1. From the input data set `X`, select the first unlabeled observation x1 as the current point, and initialize the first cluster label C to 1.

2. Find the set of points within the epsilon neighborhood `epsilon` of the current point. These points are the neighbors.

1. If the number of neighbors is less than `minpts`, then label the current point as a noise point (or an outlier).

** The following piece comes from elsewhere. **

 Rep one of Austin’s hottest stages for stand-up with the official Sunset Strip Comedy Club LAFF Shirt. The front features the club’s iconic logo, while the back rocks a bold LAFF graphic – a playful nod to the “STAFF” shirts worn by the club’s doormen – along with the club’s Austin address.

Go to step 4.

### Note

`dbscan` can reassign noise points to clusters if the noise points later satisfy the constraints set by `epsilon` and `minpts` from some other point in `X`. This process of reassigning points happens for border points of a cluster.

2. Otherwise, label the current point as a core point belonging to cluster C.

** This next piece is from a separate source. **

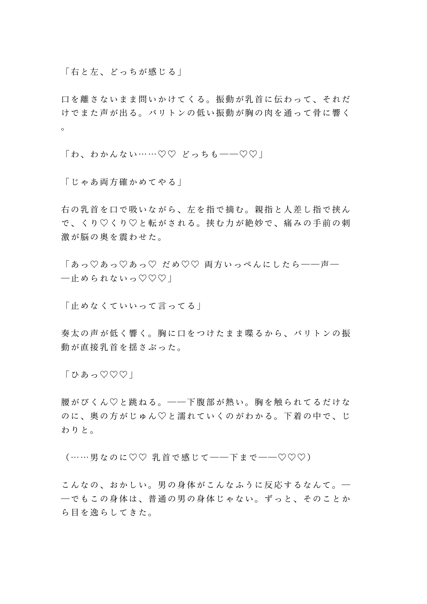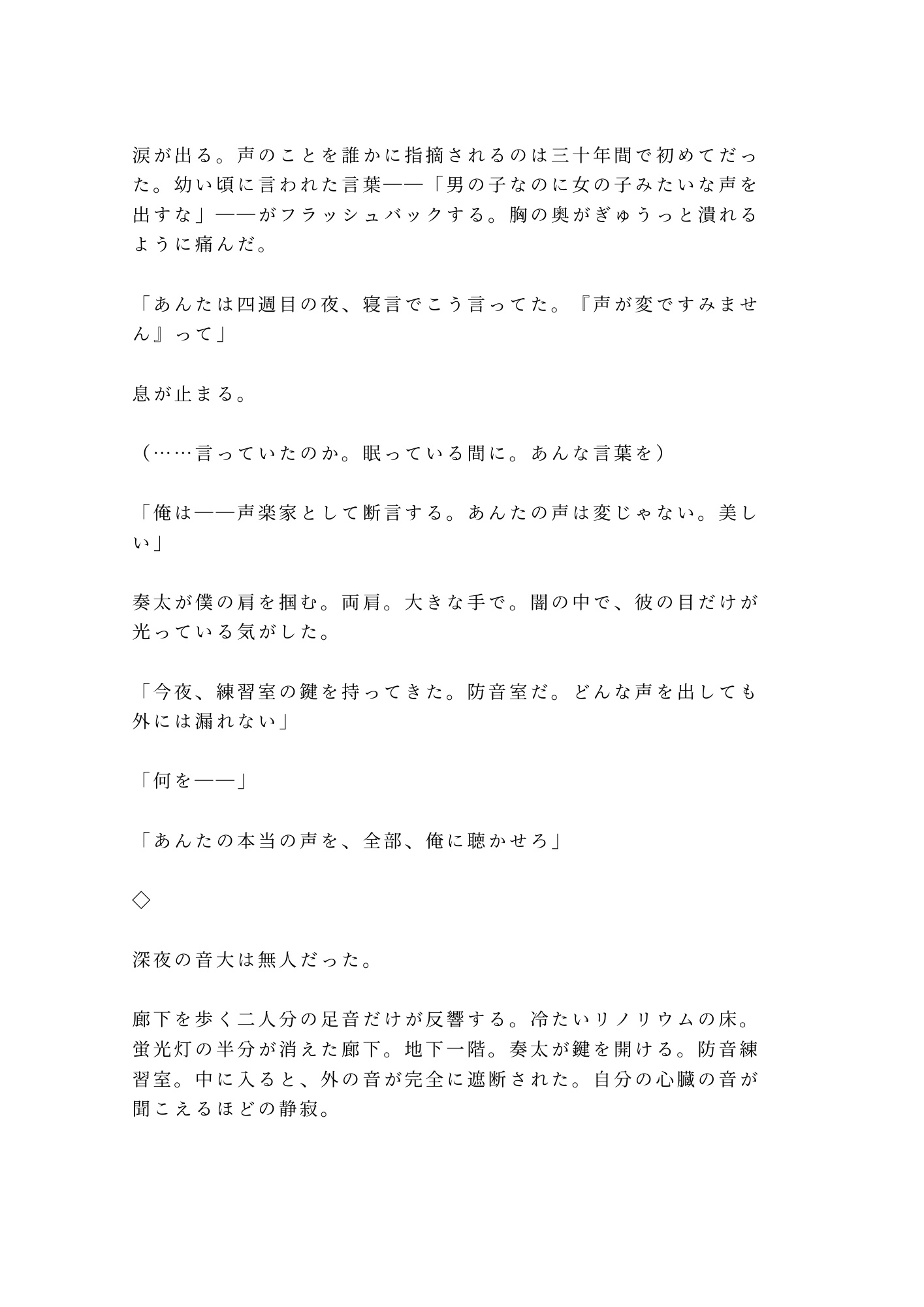 深夜の音大、防音練習室。ピアノの和音に導かれ、律の喉から解き放たれる声。三十年間封じてきた、高くて甘い、どこにも分類できない声。そして声と一緒に曝け出される身体の秘密——。

3. Iterate over each neighbor (new current point) and repeat step 2 until no new neighbors are found that can be labeled as belonging to the current cluster C.

4. Select the next unlabeled point in `X` as the current point, and increase the cluster count by 1.

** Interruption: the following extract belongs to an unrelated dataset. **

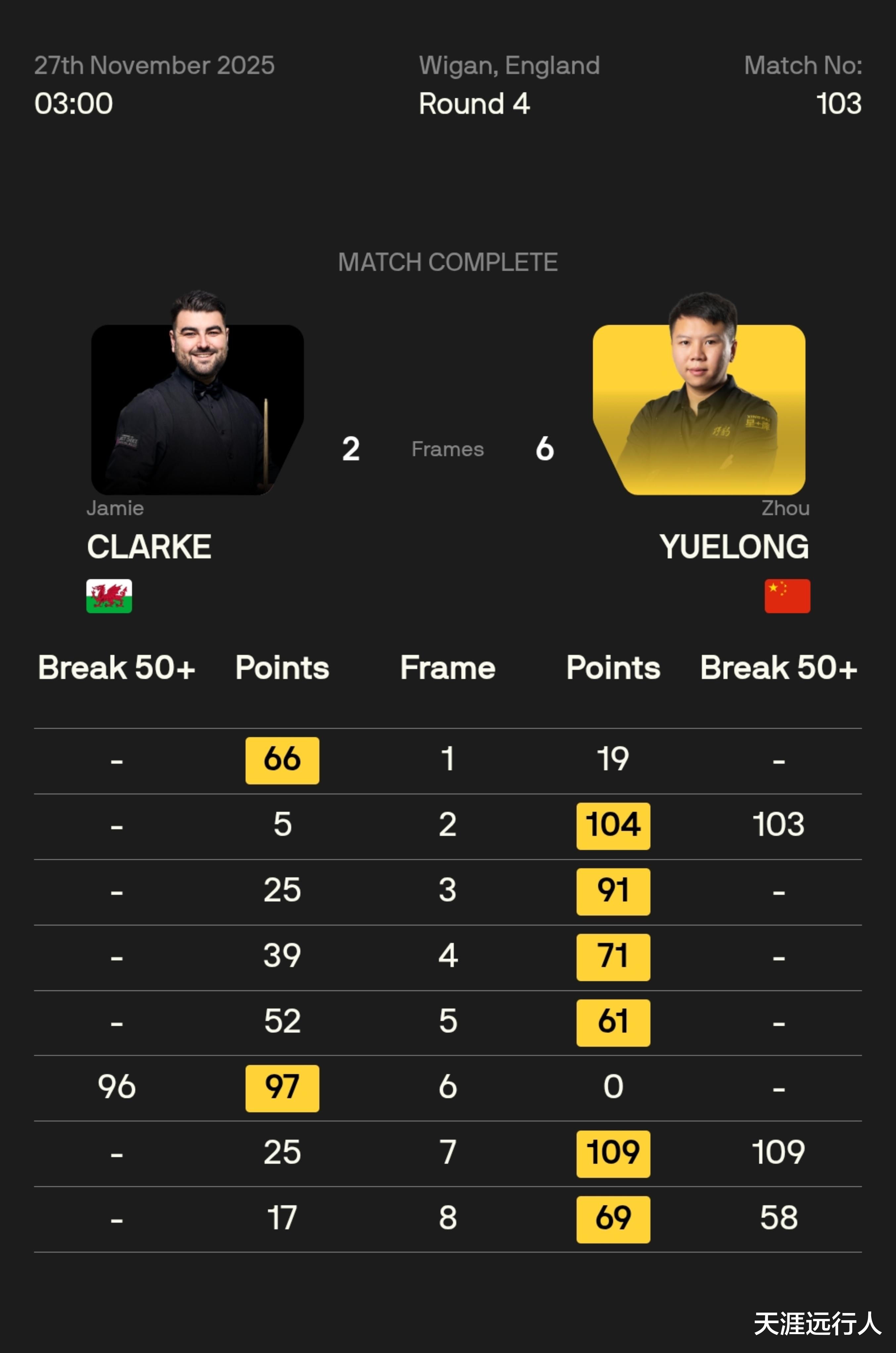 周跃龙强势挥拳,6-2力压杰米·克拉克,吕昊天抗压能力暴增,6-5险胜米歇尔·曼恩,袁思俊3-1领先,遭刺客的一波五连鞭逆袭,生涯依然与巴比肯中心无缘。

5. Repeat steps 2–4 until all points in `X` are labeled.

• If two clusters have varying densities and are close to each other, that is, the distance between two border points (one from each cluster) is less than `epsilon`, then `dbscan` can merge the two clusters into one.

• Every valid cluster might not contain at least `minpts` observations. For example, `dbscan` can identify a border point belonging to two clusters that are close to each other. In such a situation, the algorithm assigns the border point to the first discovered cluster. As a result, the second cluster is still a valid cluster, but it can have fewer than `minpts` observations.

 Ester, M., H.-P. Kriegel, J. Sander, and X. Xiaowei. “A density-based algorithm for discovering clusters in large spatial databases with noise.” In Proceedings of the Second International Conference on Knowledge Discovery in Databases and Data Mining, 226-231. Portland, OR: AAAI Press, 1996.